対人恐怖が日常場面で出会う人という広範にまで広がり、その人のパーソナリティにまで根付いていると回避性パーソナリティ障害という精神障害となってしまうのです。
回避性パーソナリティ障害とはいったいどのような精神障害なのか、その原因や特徴、症状と診断基準、治療法、接し方についてご紹介していきます。
目次
回避性パーソナリティ障害とは
回避性パーソナリティ障害とは、人とのかかわりに対して強い不安を抱くことにより、社会生活を送るうえで必要な対人場面を回避してしまうことを特徴とするパーソナリティ障害です。
回避性パーソナリティ障害の有病率は2.4%ほどだと言われており、男女で発症率の差はありません。
社交不安障害と回避性パーソナリティ障害の違い
対人恐怖を主症状とする不安障害に社交不安障害というものがあります。
社交不安障害と回避性パーソナリティ障害には対人恐怖という共通点があり、どのような違いがあるのかを明確に理解しておくことが必要でしょう。

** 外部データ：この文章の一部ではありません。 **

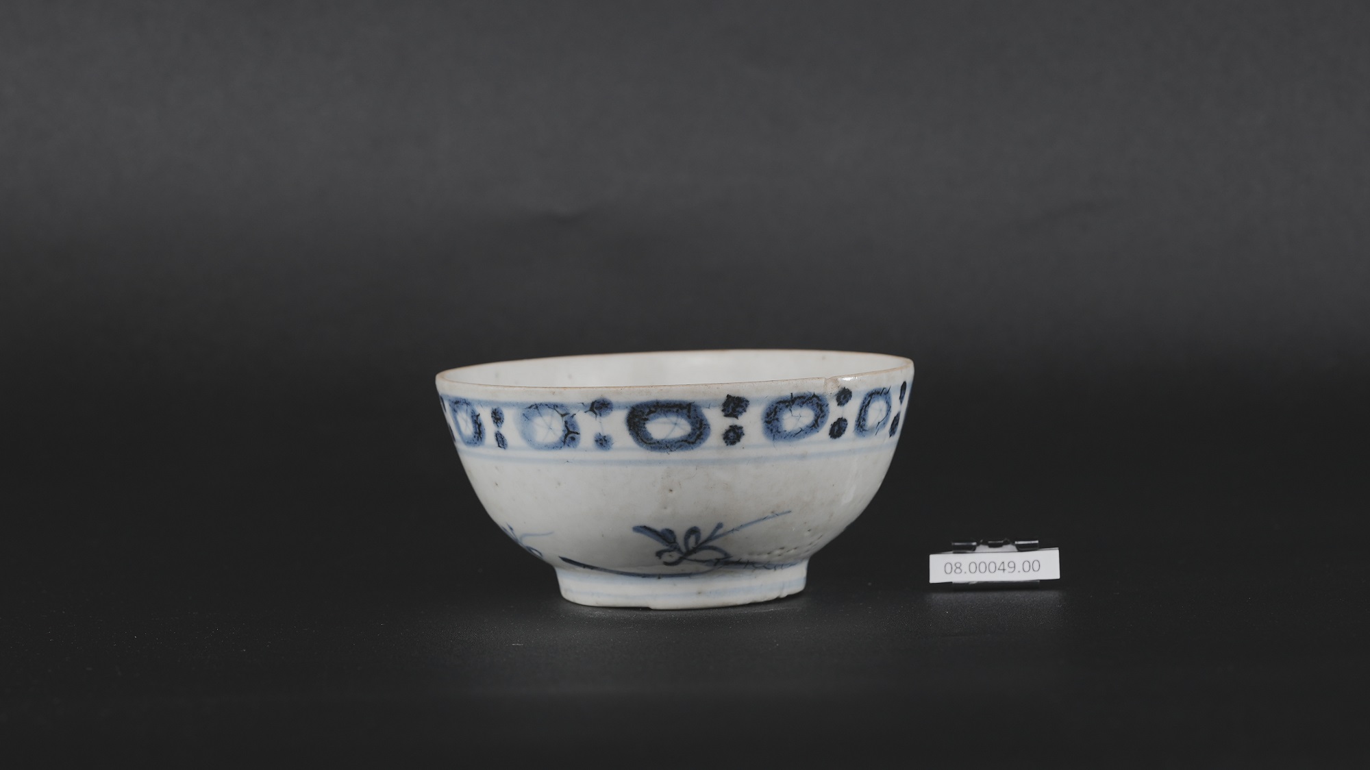 Bentuk bulat cekung. Bagian luar dan dalam sama sekali tidak terdapat hiasan/ornamen. Polos putih susu. Bagian bawah terdapat kaki untuk berdiri.
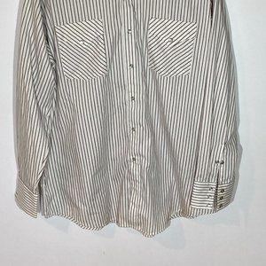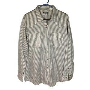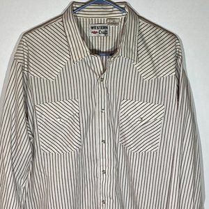 VTG WMG Western Striped Mens Button White Size XL Pearl Snap 2Pocket Long Sleeve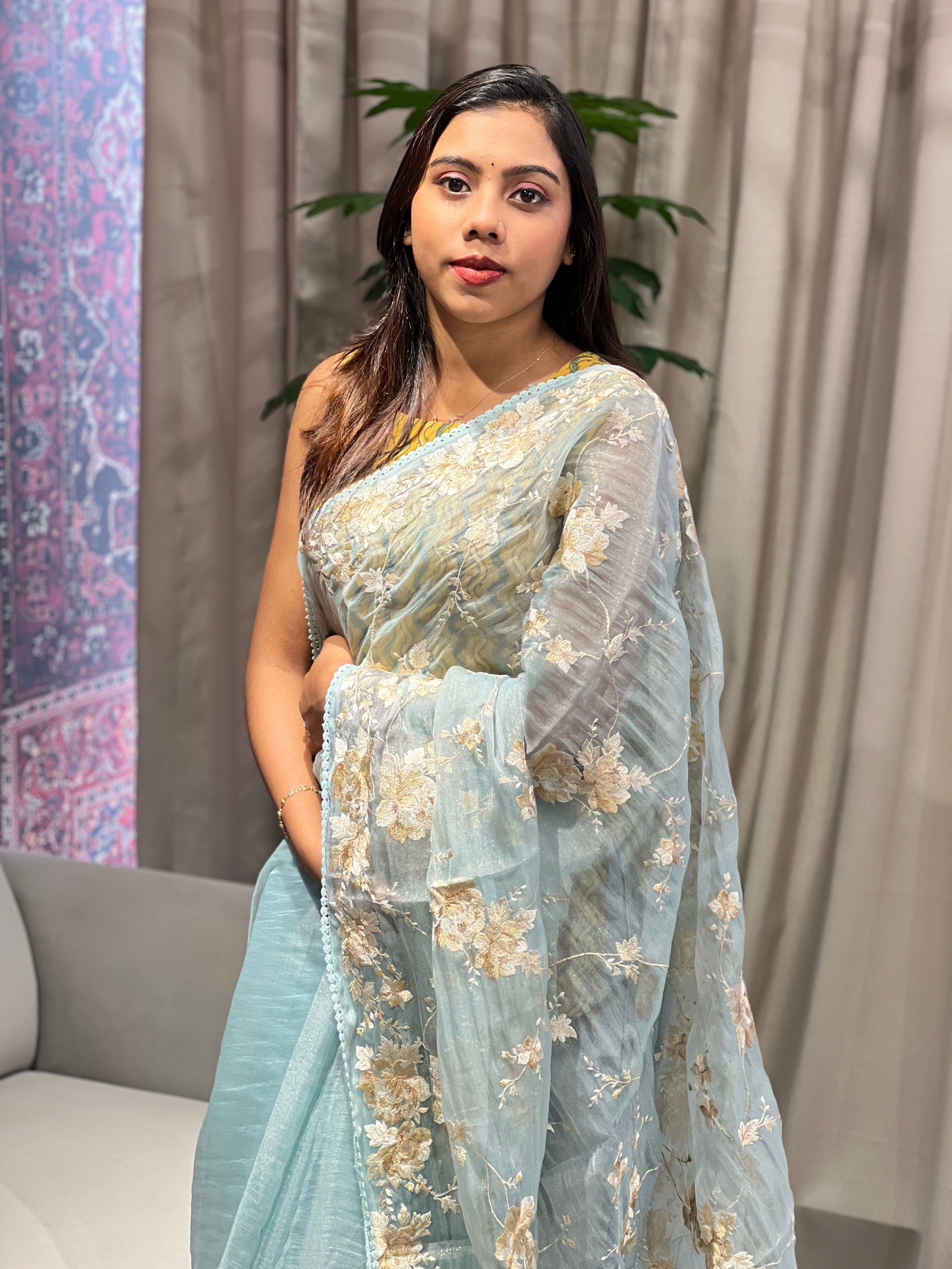 • Floral Embroidery Detailed Shimmer Organza Saree | BLD1912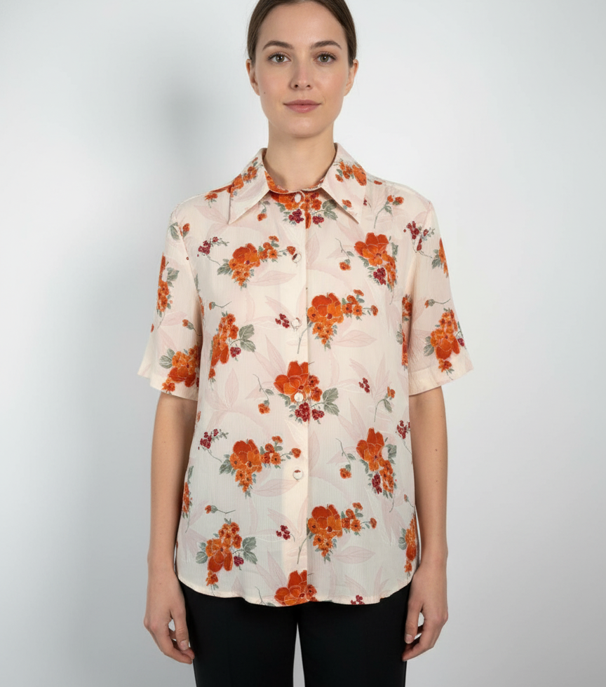 Vintage-Style Short-Sleeve Shirt with Orange Flower Print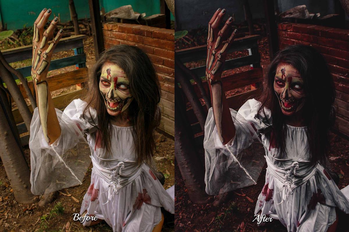 30 Zombie Lightroom Presets Desktop and Mobile | Halloween Horror Filters for Cosplay, and Spooky Photos, Dark Tones and Scary Vibes

社交不安障害は対人場面において強い不安を呈するという特徴がありますが、それは限局的です。
例えば、「会社のプレゼンを行うのが怖くて、仕事にいけなくなってしまった。プレゼンの前日には、実際のプレゼンで話しているときに緊張してしまい、手や足が震えて、汗をかき、倒れてしまうのではないかという思いになってしまうのです」といったようにです。
この人は、会社のプレゼンという状況を限定的に恐れて、それが原因で会社にいけないという不適応を引き起こしています。対人恐怖の類型で言うならば、「演説恐怖」を発症しており、それにより「震え恐怖」・「発汗恐怖」・「卒倒恐怖」が表れていると言えるのです(対人恐怖の類型については後述)。

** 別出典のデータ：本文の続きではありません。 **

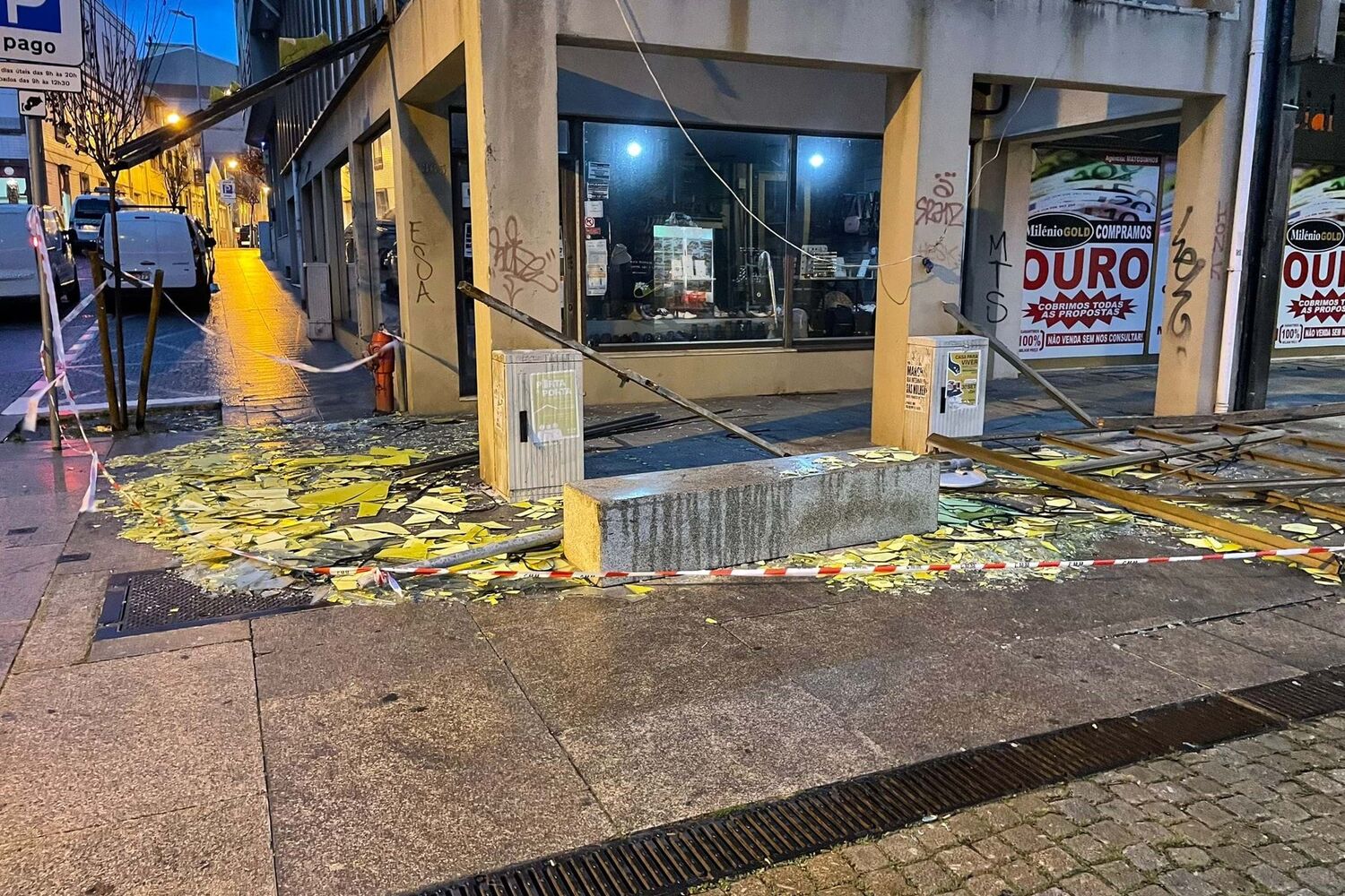 O alerta foi dado às 02h08 para a queda de estruturas, na esquina da rua Brito Capelo com a rua Primeiro de Dezembro.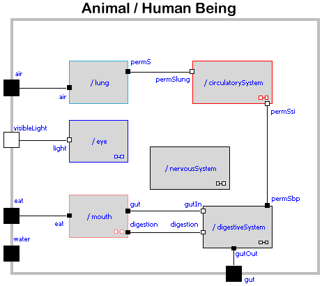 My body includes many different systems including Lungs for breathing, Eyes for seeing, a Mouth for eating, and a Digestive System for digesting the food. I have a Circulatory System for moving the breathed air and digested food to where it's needed, and a Nervous System to convert sensory images from the Eyes and other sensors into actions by Muscles within the Mouth and other parts of the body.

これに対し、回避性パーソナリティ障害はこのような対人恐怖がパーソナリティ傾向まで根付いており、日常における様々な場面に対人恐怖を呈するという特徴があります。
このような違いを明確に把握し、鑑別できるようにすることは後の治療方針の組み立てに大きな影響を与えるため、しっかりと確認しておきましょう。
回避性パーソナリティ障害の原因
回避性パーソナリティ障害の明確な原因は現在でも特定されていません。
しかし、個人のパーソナリティは遺伝的な性格傾向(気質)と生まれ育った環境から影響を受けることが指摘されています。
例えば、気質的な特徴として指摘されているのが、新奇性追求(新しいものへの興味関心)の低さ、報酬依存(人から認められたいという気持ちの強さ)と損害回避(心配しがちで失敗を避けようとする傾向)の高さです
そのため、回避性パーソナリティ障害も遺伝的な影響と環境からの影響の相互が関連することによって発症するとされます。
回避性パーソナリティ障害とアタッチメントスタイル
愛着(アタッチメント)と呼ばれる、保護者などとの間に築かれる信頼関係は後の人間関係のひな型となることが指摘されています(これを内的作業モデルと呼びます)。

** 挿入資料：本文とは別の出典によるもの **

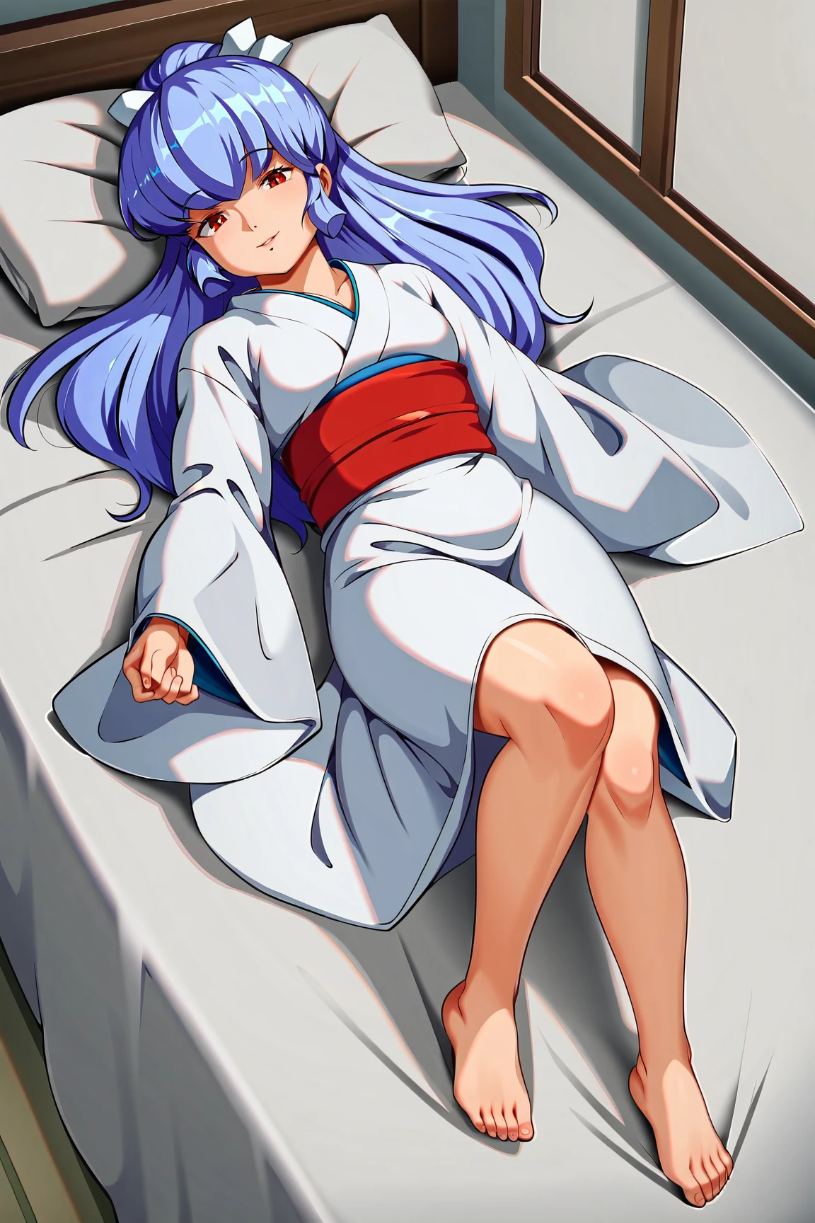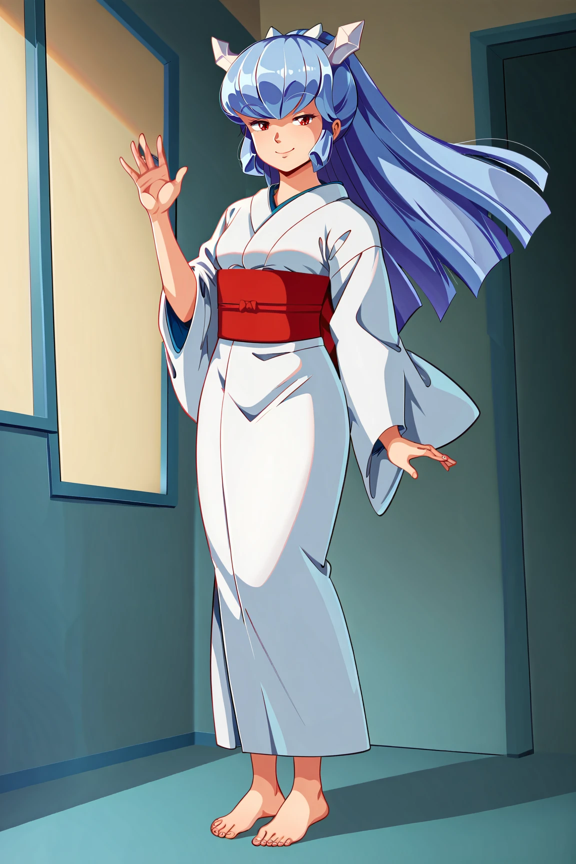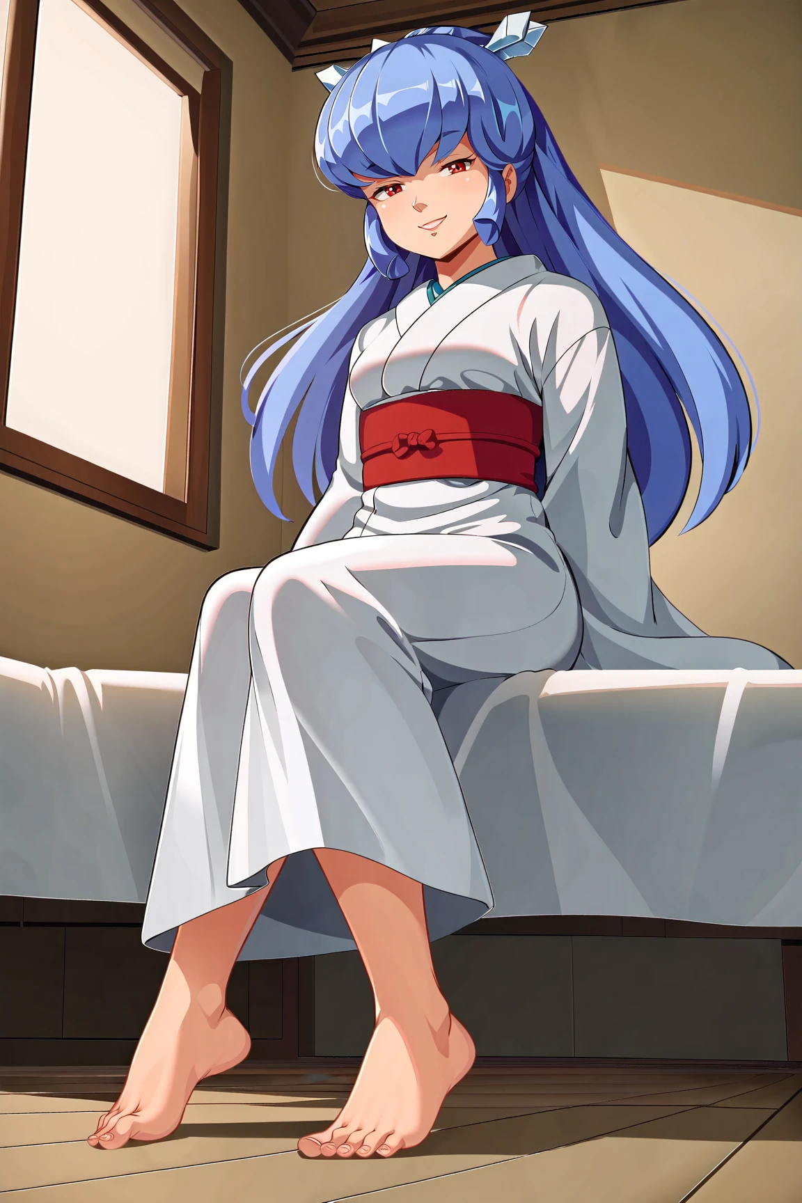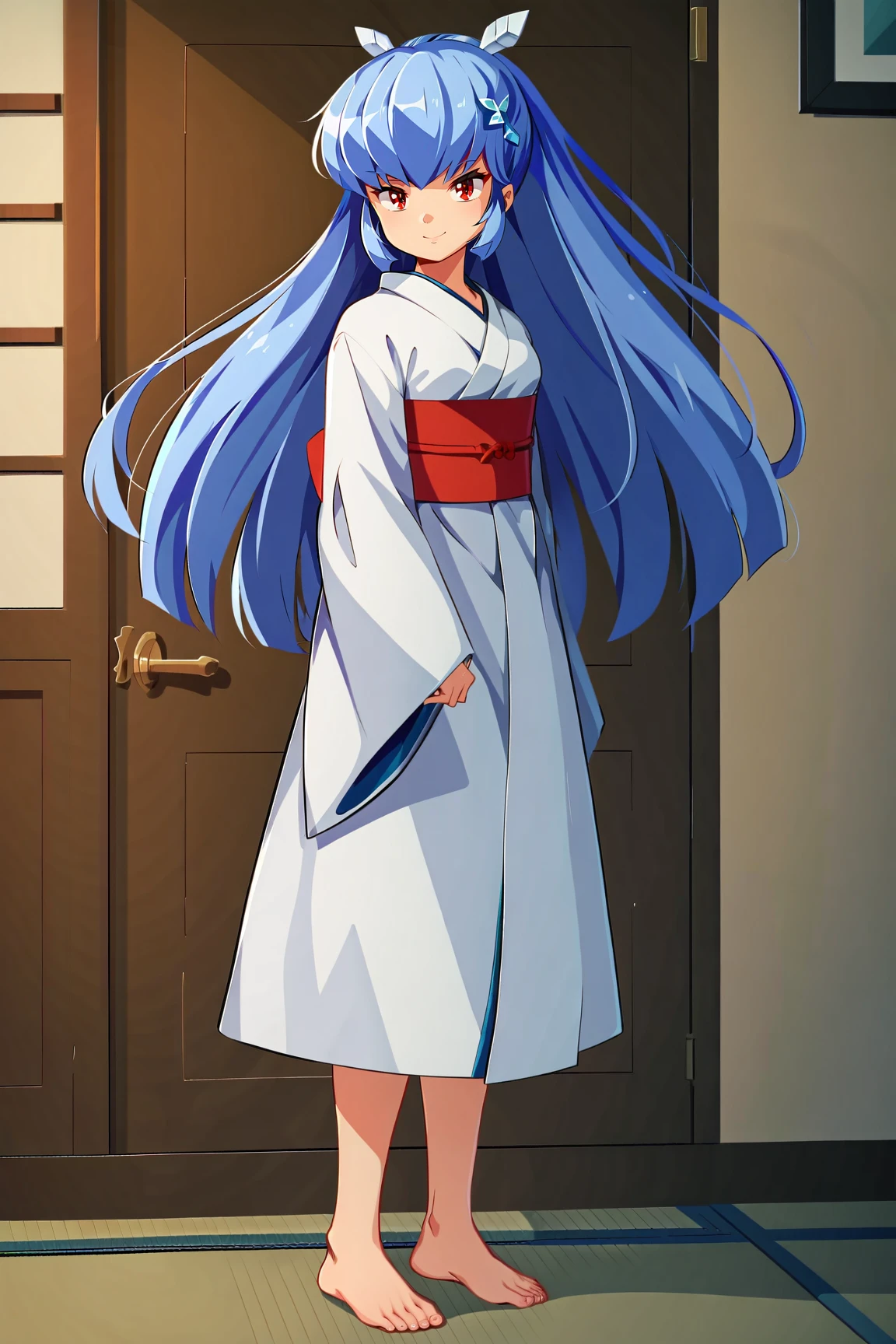 OyukiUYXL, red eyes, blue hair, long hair, bangs, sidelocks, hair ornament, small breasts, white kimono, red sash, barefoot

そして、対人関係間において主に問題が引き起こされる回避性パーソナリティ障害はこの愛着の形式、つまりアタッチメントスタイルに特徴があると考えられるのです。
そして、これを受け市川・村上(2016)はパーソナリティ障害傾向とアタッチメントスタイルの関連を検討しました。
アタッチメントスタイルは次の2軸によって表現されます。
【アタッチメントスタイルの2次元】
- 見捨てられ不安:「自分は愛される価値のある存在か」という不安を反映した自己観
- 親密性の回避:「他者は自分を助け、信頼できる存在か」
その結果として、見捨てられ不安及び親密性の回避は回避性パーソナリティ障害傾向を高め、回避性パーソナリティ障害傾向は抑うつを高めるという不適応的な影響が与えられるモデルが見出されています。
これは何を意味しているのでしょうか。
この結果は、回避性パーソナリティ障害傾向の高い人のアタッチメントスタイルは見捨てられてしまうかもという自信のない人であるということを指しています。
そして、そのような見捨てられてしまうことを防ぐために、他者と親密になることを願っているのですが、その一方で他者を信じ切れず、親密になることを回避しようとすることと葛藤を引き起こしてしまうのです。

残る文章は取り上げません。